Aux six coups de base de canne (donnés cette fois à deux mains sur les mêmes surfaces), s'ajoutent des coups "coulissés" et des piqués. Pour la petite histoire, le bâton français a hérité sa technique de la pratique de l'épée à deux mains, des armes d'hast et du fameux "Quater staff" anglais.

Par Frédéric Morin
Président ASCA PARIS

Au sein de l'école, nous étudierons à la fois le bâton Français, et la canne, au sein du même cours, de manière à s'habituer à toutes les tailles de bâtons, que l'on peut trouver en cas de nécessité. Cependant l'enseignement dispensé comprend des frappes mais aussi des clés et des projections, du moins, celles que permet un bâton.

En parallèle, nous étudierons le maniement du couteau, pour deux raisons :

- Durant une époque, il n'était pas rare de voir des cannes comportant des stylets ou des petites lame vissées dans le manche, qui permettaient soit un maniement à deux armes, soit un maniement seul de l'une ou de l'autre arme.
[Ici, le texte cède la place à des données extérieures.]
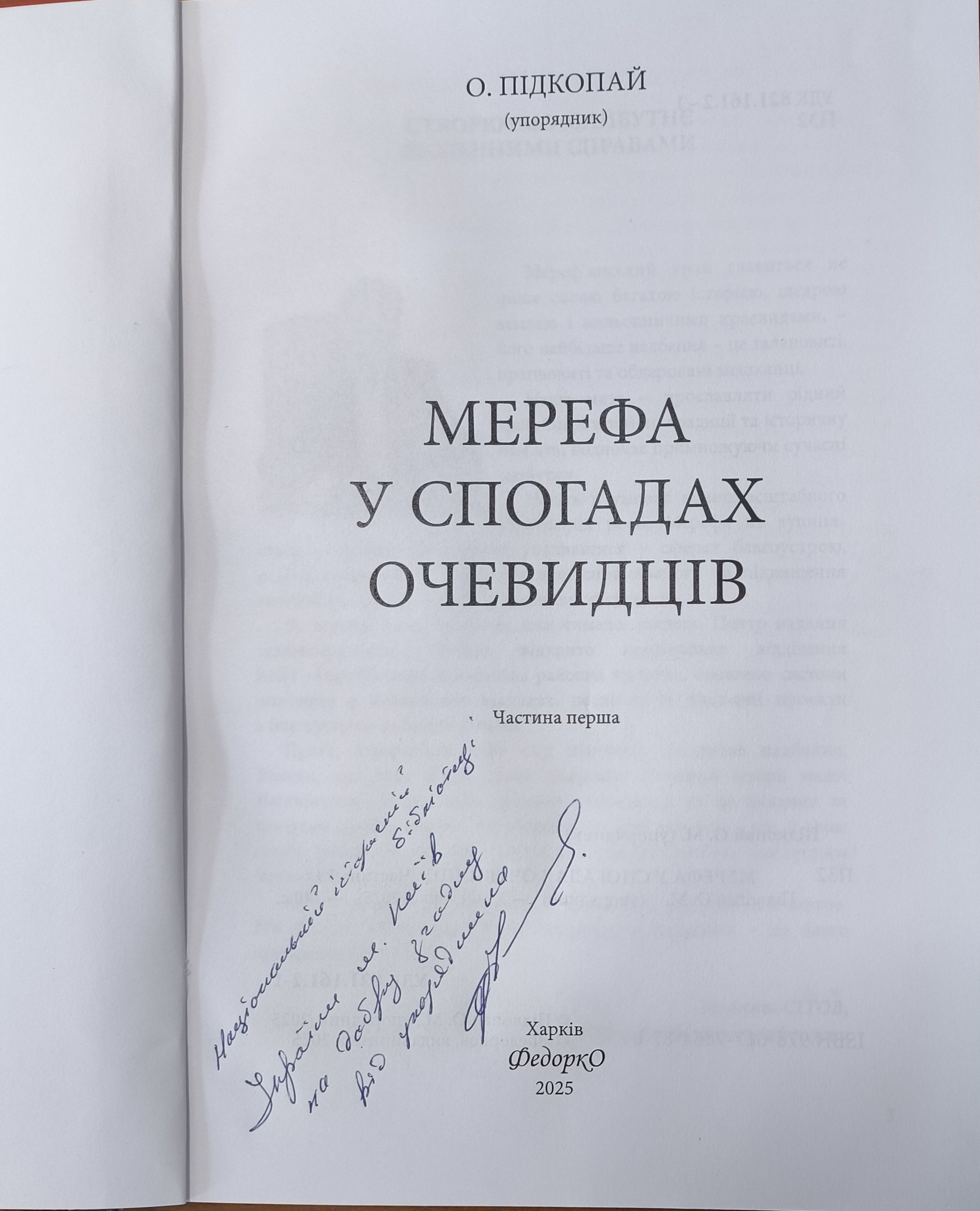 Спогади багатьох авторів, зібрані у подарованому виданні, упорядковані відомим українським поетом і прозаїком Олександром Миколайовичем Підкопаєм – лауреатом численних літературних премій, членом творчої асоціації літераторів «Слобожанщина», членом НСПУ, почесним громадянином м. Мерефи, автором шести альбомів світлин старожитностей «Мерефа і мереф’яни».

On retrouvera par ailleurs ce type de maniement dans d'autres styles, comme l'escrime pirate ou l'escrime Italienne.

- Le couteau (ou assimilé, comme le cutter, le tournevis...) est malheureusement une arme assez courante lors des agressions de nos jours.

Les styles complémentaires

Pour les styles ajoutés à l'enseignement de l'école, les sites sont assez nombreux et bien fournis pour qu'il ne soit pas nécessaire de tout détailler ici.